----- THE RECORDS

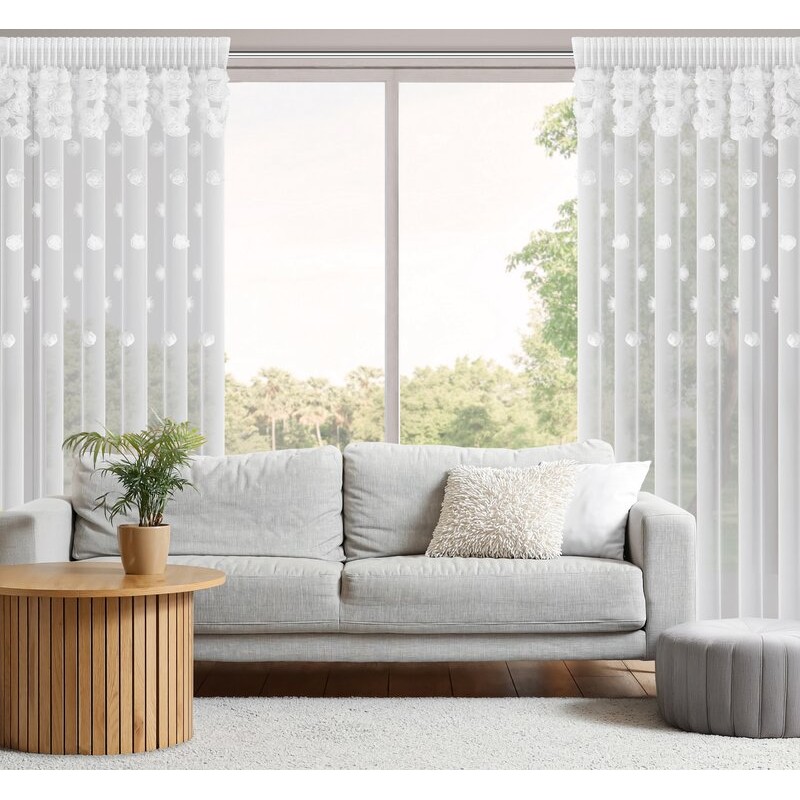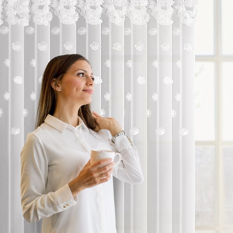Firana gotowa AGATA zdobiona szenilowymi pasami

----------
----- THE RECORDS

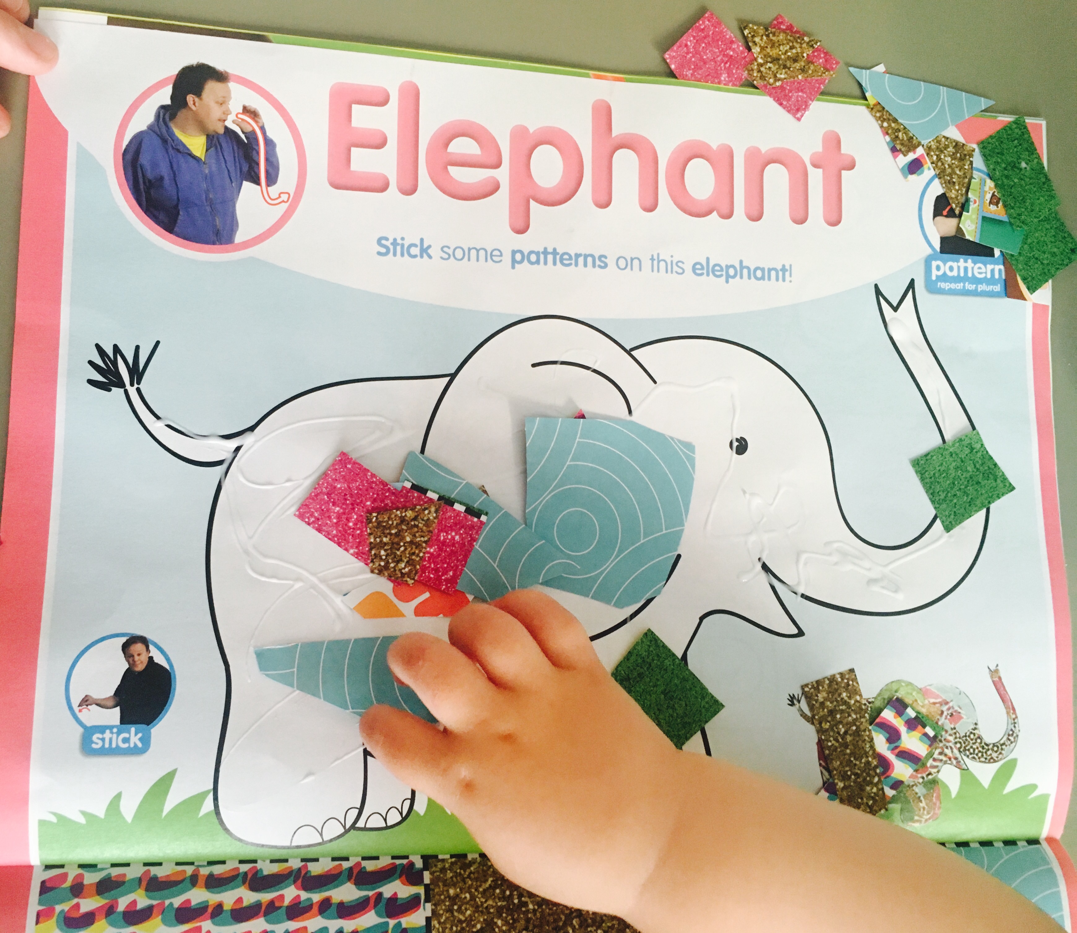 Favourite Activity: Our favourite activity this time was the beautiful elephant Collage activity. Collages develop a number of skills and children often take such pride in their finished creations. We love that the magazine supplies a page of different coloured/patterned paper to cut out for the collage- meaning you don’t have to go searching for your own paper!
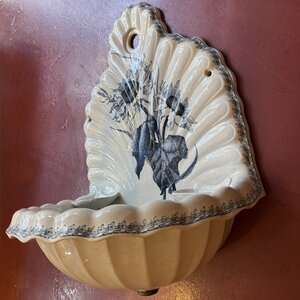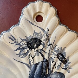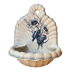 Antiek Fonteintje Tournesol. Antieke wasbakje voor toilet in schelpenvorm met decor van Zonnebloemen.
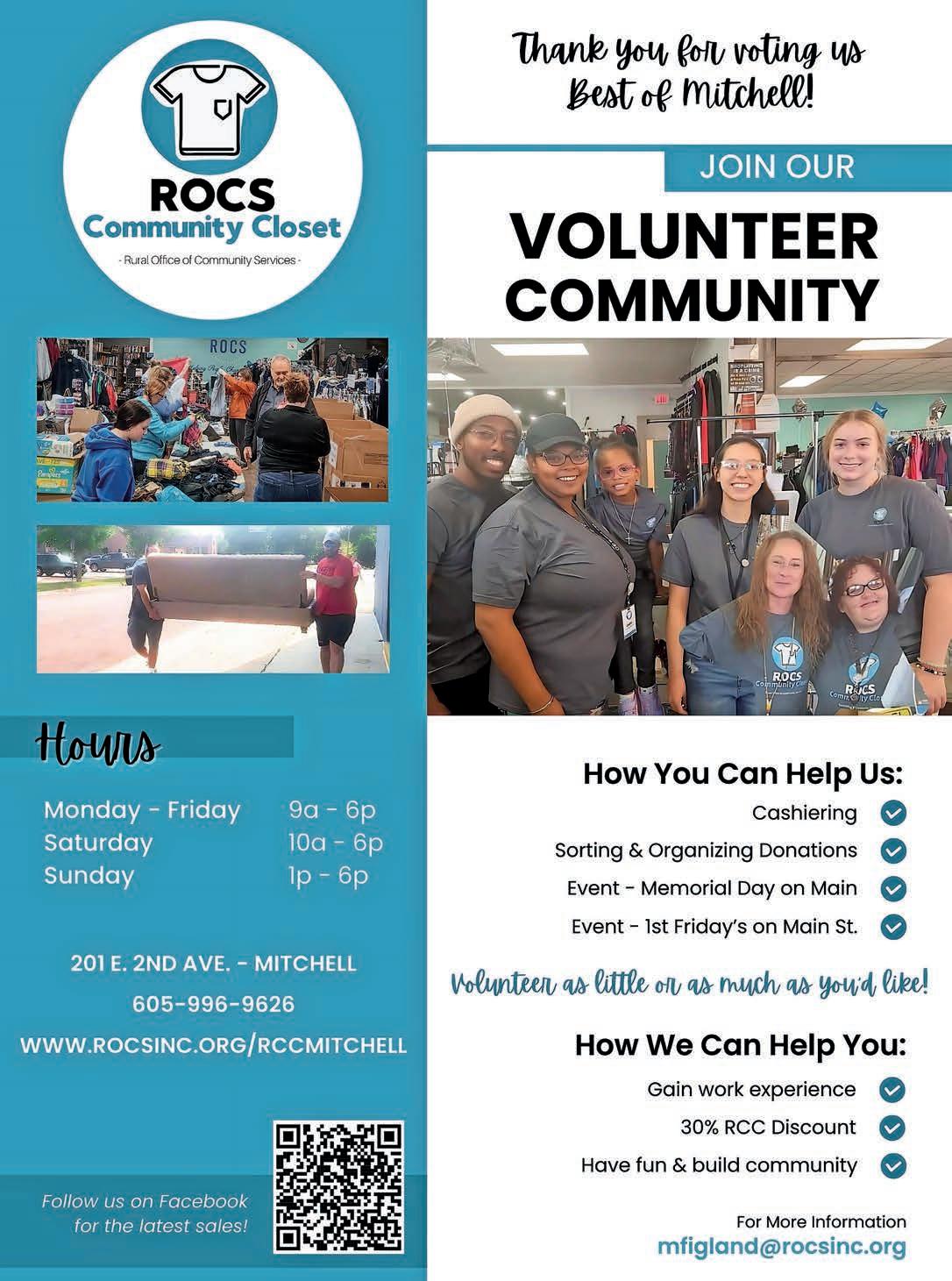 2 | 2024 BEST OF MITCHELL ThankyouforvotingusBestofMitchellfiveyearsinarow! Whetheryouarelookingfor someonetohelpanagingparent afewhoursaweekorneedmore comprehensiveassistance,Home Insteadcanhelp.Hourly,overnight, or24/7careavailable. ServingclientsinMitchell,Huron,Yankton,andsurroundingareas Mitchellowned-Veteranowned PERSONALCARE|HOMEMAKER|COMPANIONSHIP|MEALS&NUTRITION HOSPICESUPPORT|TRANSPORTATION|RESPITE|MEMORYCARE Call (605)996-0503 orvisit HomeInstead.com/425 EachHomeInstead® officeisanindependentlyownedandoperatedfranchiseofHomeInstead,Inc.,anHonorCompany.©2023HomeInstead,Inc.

----------

"Antiek Fonteintje Tournesol." marks the first line to copy, and "2 | 2024 BEST" marks the last. Repeat that stretch above exactly, with no pictures.

* **OUTPUT**:
 Antiek Fonteintje Tournesol. Antieke wasbakje voor toilet in schelpenvorm met decor van Zonnebloemen.
 2 | 2024 BEST OF MITCHELL ThankyouforvotingusBestofMitchellfiveyearsinarow! Whetheryouarelookingfor someonetohelpanagingparent afewhoursaweekorneedmore comprehensiveassistance,Home Insteadcanhelp.Hourly,overnight, or24/7careavailable. ServingclientsinMitchell,Huron,Yankton,andsurroundingareas Mitchellowned-Veteranowned PERSONALCARE|HOMEMAKER|COMPANIONSHIP|MEALS&NUTRITION HOSPICESUPPORT|TRANSPORTATION|RESPITE|MEMORYCARE Call (605)996-0503 orvisit HomeInstead.com/425 EachHomeInstead® officeisanindependentlyownedandoperatedfranchiseofHomeInstead,Inc.,anHonorCompany.©2023HomeInstead,Inc.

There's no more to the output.